Kegiatan santri-santri di beberapa pesantren ada yang masih ketat atau juga ada yang
tidak ketat. Disana mereka diajari banyak sekali nilai-nilai amaliyah, akhlaq, adab, hukum
syariat, tirakat, wajib nya ngaji, tadarus serta keorganisasian. IPNU IPPNU juga masih terkait
dengan yang namanya santri. Keorganisasian yang berupa kepengurusan di pesantren
dibentuk tanpa adanya pengkaderan. Kepengurusan ditunjuk dan dibentuk langsung oleh
pengasuh pondok, sedangkan IPNU IPPNU adalah wadah organisasi pelajar yang dibentuk
melalui proses pengkaderan sebagai contoh: Masa Kesetiaan Anggota (MAKESTA), Latihan
Kader Muda (LAKMUD), Latihan Kader Madya (LAKMAD), dan lain sebagainya.

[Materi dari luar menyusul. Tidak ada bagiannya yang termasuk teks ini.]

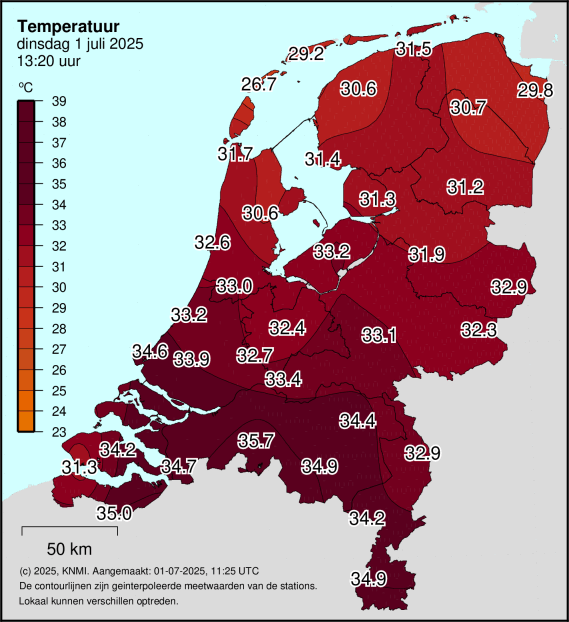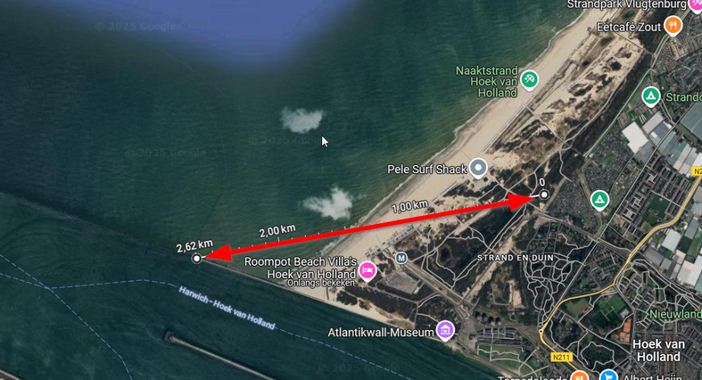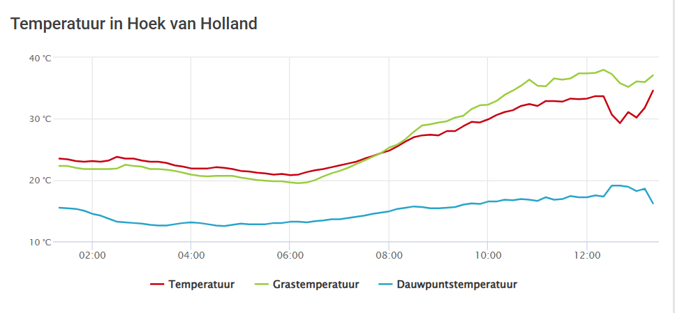 Het zeewindfront ligt precies tussen het duinstation en de windpaal op de Hoekse Pier. Vandaar dat de windrichting nog naar het noorden wijst, terwijl op het duinstation de temperatuur weer gestegen en het dauwpunt weer gezakt is.

Upaya pendirian dan pembentukan organisasi-organisasi di bangsa kita ini tidak lain
juga tujuannya untuk menyiapkan generasi bangsa yang memiliki keilmuan sebagai modal
untuk mewujudkan generasi yang cerdas, berakhlakul karimah, menjunjung tinggi nilai
toleran, demokratis berdasarkan asas Ahlussunnah Wal Jamaah.

“Santri pasti IPNU, IPNU belum tentu santri.”